Leigh Eric Schmidt


On his book Heaven’s Bride: The Unprintable Life of Ida C. Craddock, American Mystic, Scholar, Sexologist, Martyr, and Madwoman

Cover Interview of January 16, 2011

Editor’s note

Originally, this interview ran on the Rorotoko cover page under the headline

“Was the erotic redeemable, a spiritual yearning as much an animal appetite?”
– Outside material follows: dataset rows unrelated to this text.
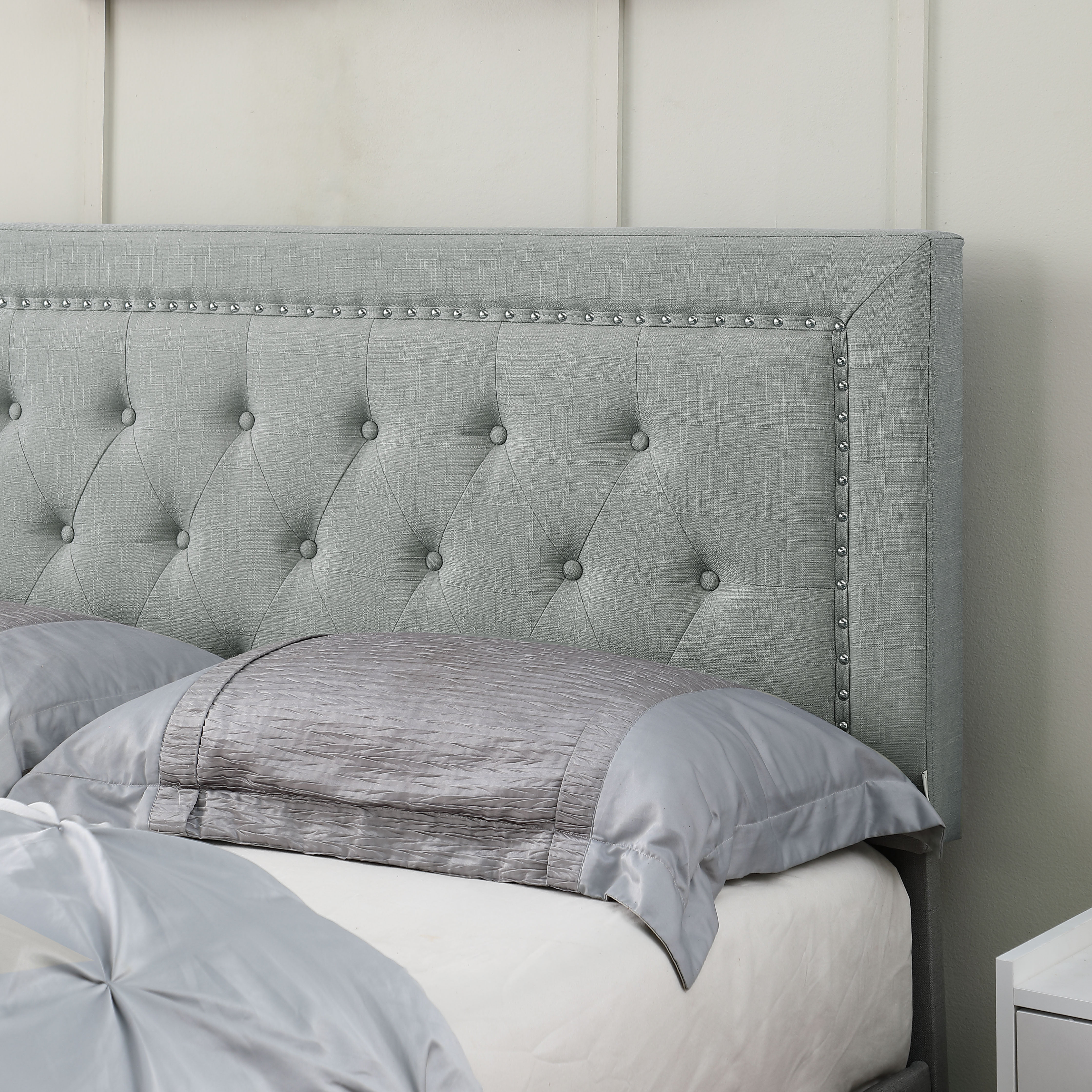 Fabric Upholstered Wooden Queen Size Bed with Nailhead Trims Beige- Saltoro Sherpi
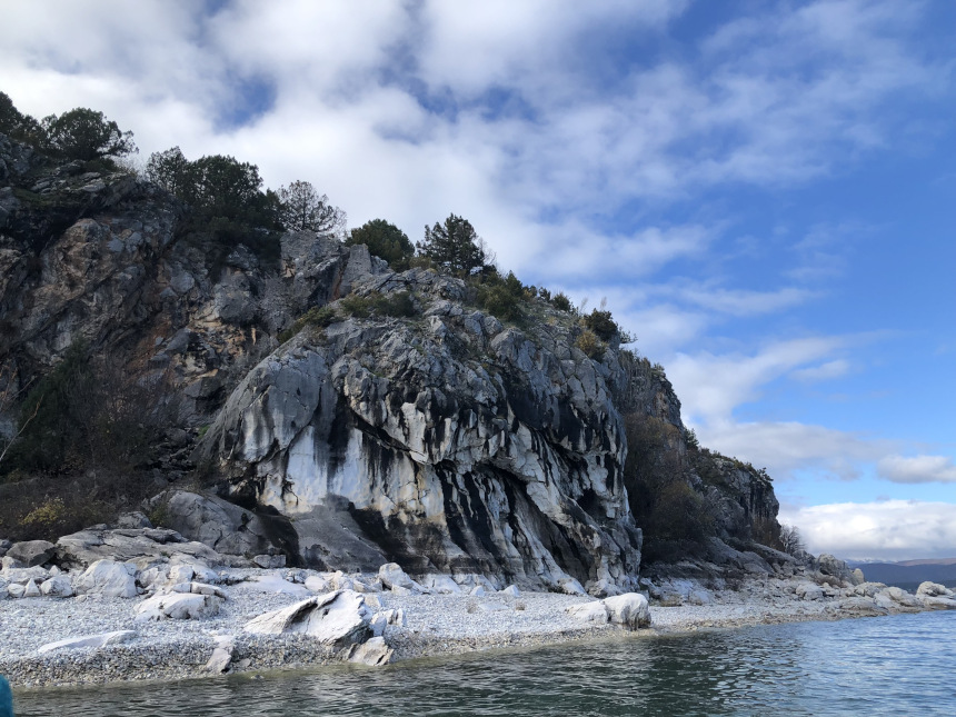 Μικρές κατασκευές, χτισμένες μέσα σε σπηλιές και σχισμές του βράχου, φαντάζουν απρόσιτες και επιβλητικές. Και μετά, έρχονται οι Βραχογραφίες: τοιχογραφίες που χρονολογούνται από τον 14ο αιώνα, ζωγραφισμένες πάνω στον βράχο, σε σημεία που μόνο από τη λίμνη μπορείς να προσεγγίσεις. Βλέπεις την τέχνη να αντιστέκεται στον χρόνο, με τη λίμνη να λειτουργεί ως φύλακας.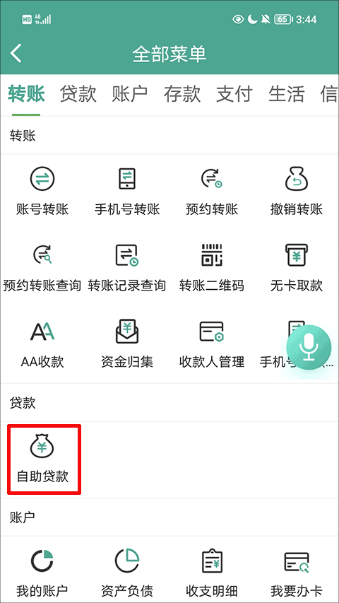 2、然后,在全部菜单中找到并点击“自助贷款”选项;

We highlighted two quotes.

On the first page:

“Craddock’s unmooring from her own Protestant upbringing provides a parable of a larger cultural transformation:  the disruption of evangelical Christianity’s power to define the nation’s sexual taboos, artistic limits, and sacred canon.”

On the second:

“A skilled shape-shifter, Craddock always remained hard to pin down as a specimen, but that elusiveness seemed only to intensify the desire to categorize her.  Was she merely one more case history who could be pigeonholed by the new psychological and neurological sciences—an erotomaniac, nymphomaniac, or hysteric, a victim of an insane delusion of one diagnostic type or another?  Or, was she a latter-day visionary, a weirdly American Teresa of Avila, ‘the madwoman,’ as Helene Cixous put it, ‘who knew more than all the men’?”